(What this task involves)
Reproduce exactly the lines from the one containing "当社のパートナーは、オンライ" through the end of the listing, minus the pictures.

(Data provided)
----------------

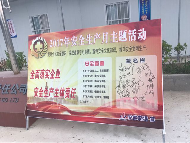 我是一名安徽建工人,我鄭重宣誓:時(shí)刻注意安全,遵守安全法規。履行安全職責,提高安全技能。杜絕三違現象,保證四不傷害。強化紅線(xiàn)意識,促進(jìn)安全發(fā)展。為了家人幸福、企業(yè)發(fā)展,誓做建工“安全人”。錚錚誓言響徹云霄,筆尖揮斥千金承諾。6月1日至2日,安徽路港公司機關(guān)及所屬各單位、項目部莊嚴舉行了2017年“安全生產(chǎn)月”宣誓簽名儀式,拉開(kāi)了今年以“全面落實(shí)企業(yè)安全生產(chǎn)主體責任”為主題的“安全生產(chǎn)月”系列活動(dòng)序幕。
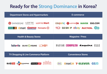 当社のパートナーは、オンラインからオフラインの主要な販売チャネルまで韓国市場にアクセスできるため、最大限の可視性と販売可能性を確保できます。
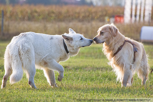 each other, circling. The Shepherd puppy moves away with
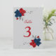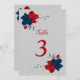 Rot- und Marineblumen mit grauem Blätter Tischnummer-Karte Die Glitzer-Details werden simuliert

----------------

(Solution below)
 当社のパートナーは、オンラインからオフラインの主要な販売チャネルまで韓国市場にアクセスできるため、最大限の可視性と販売可能性を確保できます。
 each other, circling. The Shepherd puppy moves away with
 Rot- und Marineblumen mit grauem Blätter Tischnummer-Karte Die Glitzer-Details werden simuliert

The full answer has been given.